'Think Like a Man' allegedly censored in France: Too Black (40410)

Global Voices, an international community of bloggers, reported this week that the top box office movie “Think Like a Man” won’t open in French theaters “due to a lack of diversity.” The news was reported on by many French and American bloggers as well as on social networks, but nothing has been said by the French official press yet.

With the success of Tim Story’s romantic movie in the United States heard about overseas, some French people couldn’t wait to see it on the big screen.

Belinda Yem, a French student in Paris who spoke with the Amsterdam News, said she was “shocked” when she learned the news. “When I first saw the trailer…I couldn’t wait to see it on big screens, but unfortunately it seems that it won’t happen in France,” she said.

She added, “Some of the French news declared that the movie doesn’t reflect the whole society because the cast is not diverse. When Black people are presented as independent and successful people, it seems to be a serious problem. But when it comes to present us with all the usual types of stigmatization, it seems normal.”

On Wednesday, May 23, newsone.com reported that an executive inside Sony’s publicity department, who wished to remain anonymous, declared, “The movie was never planned for release in France.”

However, AmNews staff found out that the movie was initially scheduled to debut in France on May 30, but searching on French theaters’ websites shows no evidence of any future showings.

If this movie is cancelled, it won’t be the first time such a thing occurs in France. Cedric Ido is a rising French actor and director in France as well as in the United States and Africa. A few years ago, his talent was detected by Spike Lee and he was cast in “Miracle at St. Anna,” which gave tribute to African-American soldiers during World War II.

Ido told to the AmNews, “A few weeks before the opening in the theaters, the same story occurred and the movie couldn’t be shown.”

TF1, one of the leading TV channels in France and a powerful broadcasting system, bought the movie and was responsible for distributing it to theaters, but they didn’t.
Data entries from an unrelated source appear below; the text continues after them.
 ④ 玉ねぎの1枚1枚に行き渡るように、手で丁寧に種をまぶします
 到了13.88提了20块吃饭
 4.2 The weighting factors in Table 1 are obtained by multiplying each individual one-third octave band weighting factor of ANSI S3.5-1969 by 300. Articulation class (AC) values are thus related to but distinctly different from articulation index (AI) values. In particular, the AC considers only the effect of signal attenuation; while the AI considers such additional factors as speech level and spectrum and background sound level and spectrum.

“They blocked the movie, pretending that the scenario doesn’t correspond to what they thought it was when they decided to buy it,” explained Ido.
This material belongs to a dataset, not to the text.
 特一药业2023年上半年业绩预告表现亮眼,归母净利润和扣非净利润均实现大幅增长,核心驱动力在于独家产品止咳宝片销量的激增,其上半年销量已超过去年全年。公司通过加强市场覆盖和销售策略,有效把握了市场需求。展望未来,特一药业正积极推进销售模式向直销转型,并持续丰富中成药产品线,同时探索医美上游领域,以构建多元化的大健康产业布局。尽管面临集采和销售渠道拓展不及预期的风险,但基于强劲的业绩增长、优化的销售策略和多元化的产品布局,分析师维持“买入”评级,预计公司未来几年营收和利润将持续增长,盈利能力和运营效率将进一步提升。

After a long trial, TF1 was ordered to give back $32 million to Lee and the American organization that sponsored his movie.

“On TV, cinema or in media in general, the representation of Black people…is hedged. It doesn’t reflect what the society is really. They want us to identify ourselves with the models that they impose on us. That’s why we can sometimes think that we don’t exist,” declared the young actor.
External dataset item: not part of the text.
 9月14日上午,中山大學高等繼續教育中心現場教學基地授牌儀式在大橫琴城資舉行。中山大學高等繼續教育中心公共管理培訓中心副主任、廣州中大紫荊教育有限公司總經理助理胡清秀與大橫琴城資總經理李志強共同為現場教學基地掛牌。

He also added that as an artist, this could make his task harder because he has no reference in a country that he considers his. “Due to this problem of identification, we don’t have any references and are compelled to find our inspirations abroad. That is why most of Black people are likely to imagine their future overseas.”

A few months earlier, Omar Sy became among the very few French Black actors to win at the Cesars with the movie “Intouchables,” which will be in theaters this week in the United States. Said Ido, “This is a step forward,” even though Sy wasn’t the first French Black actor to win a Cesar–there was Isaach de Bankole in 1987. “The problem of representation shouldn’t be drowned.”